Anti-PF4 immunothrombosis without proximate heparin or adenovirus vector vaccine exposure

Platelet-activating anti-platelet factor 4 (PF4)/heparin antibodies and anti-PF4 antibodies cause heparin-induced thrombocytopenia (HIT) and vaccine-induced immune thrombocytopenia and thrombosis (VITT), respectively.

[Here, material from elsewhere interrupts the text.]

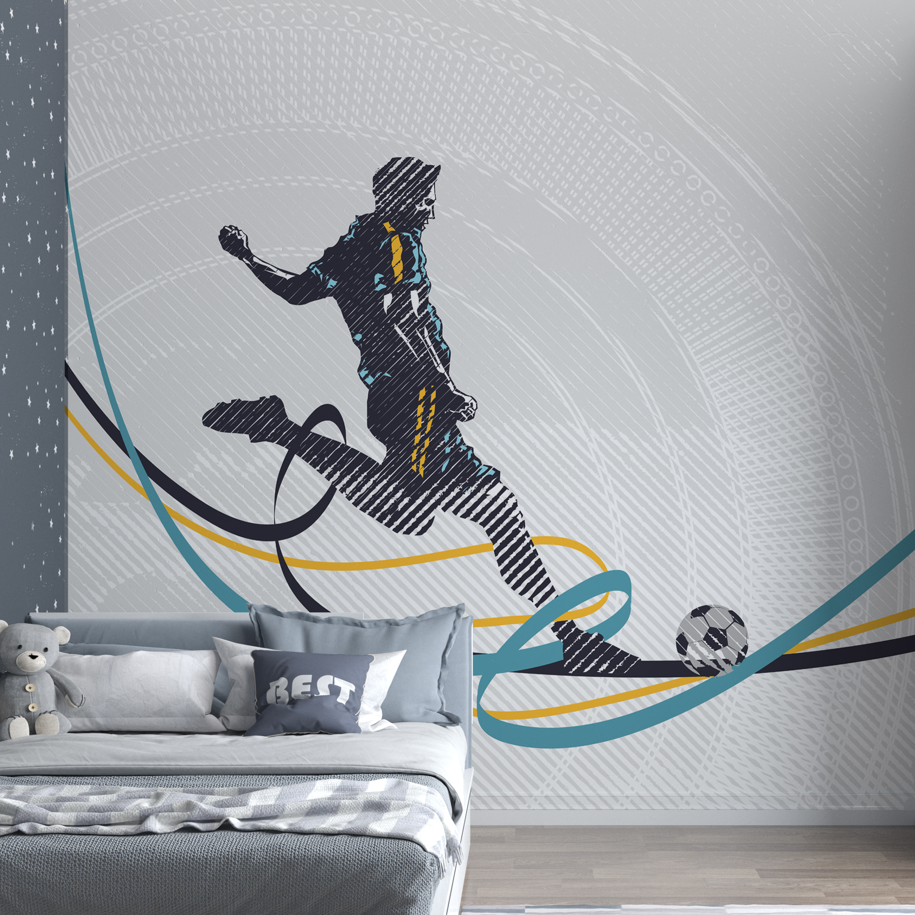 Ahoj! Máte prázdnu stenu, ktorá si priam pýta nejakú osobnosť? Pozrite si toto – je to nástenná maľba chlapa, ktorý kope do futbalovej lopty. Celkom dynamické, čo? Z tohto diela priam kričí energia a pohyb, akoby ste takmer počuli, ako dav reve. Predstavte si to vo svojej mužskej jaskyni alebo dokonca v detskej izbe – určite to inšpiruje nejaké vážne futbalové sny!
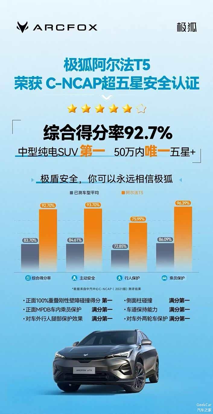 阿尔法T5在中汽研C-NCAP碰撞测试中荣获超五星评价,综合得分率92.7%,不仅是中型纯电SUV的第一,也是50万以内唯一的五星+,以12万不到的价格做到了50万级的安全,成为50万内最安全的纯电SUV,所以被粉丝称为“公路坦克”一点都不为过。

Diagnostic and treatment considerations differ somewhat between HIT and VITT. We identified patients with thrombocytopenia and thrombosis without proximate heparin exposure or adenovirus-based vaccination who tested strongly positive by PF4/polyanion EIA and negative/weakly-positive by heparin-induced platelet activation (HIPA) test but strongly positive by PF4-induced platelet activation (PIPA) test (i.e., VITT-like profile). We tested these patients by a standard chemiluminescence assay that detects anti-PF4/heparin antibodies found in HIT (HemosIL® AcuStar HIT-IgG(PF4-H)) as well as a novel chemiluminescence assay for anti-PF4 antibodies found in VITT. Representative control sera included an exploratory anti-PF4 antibody-positive but HIPA-negative/weak cohort obtained prior to 2020 (n=188). We identified 9 patients with a clinical-pathological profile of a VITT-like disorder in the absence of proximate heparin or vaccination, with a high frequency of stroke (arterial, n=3; cerebral venous sinus thrombosis, n=4), thrombocytopenia (median platelet count nadir, 49×109/L), and hypercoagulability (greatly elevated D-dimer levels). VITT-like serological features included strong reactivity by PIPA (aggregation <10min in 9/9 sera) and positive testing in the novel anti-PF4 chemiluminescence assay (3/9 also tested positive in the anti-PF4/heparin chemiluminescence assay). Our exploratory cohort identified 13 additional patient sera obtained before 2020 with VITT-like anti-PF4 antibodies. Platelet-activating VITT-like anti-PF4 antibodies should be considered in patients with thrombocytopenia, thrombosis and very high D-dimer levels, even without a proximate exposure to heparin or adenovirus vector vaccines.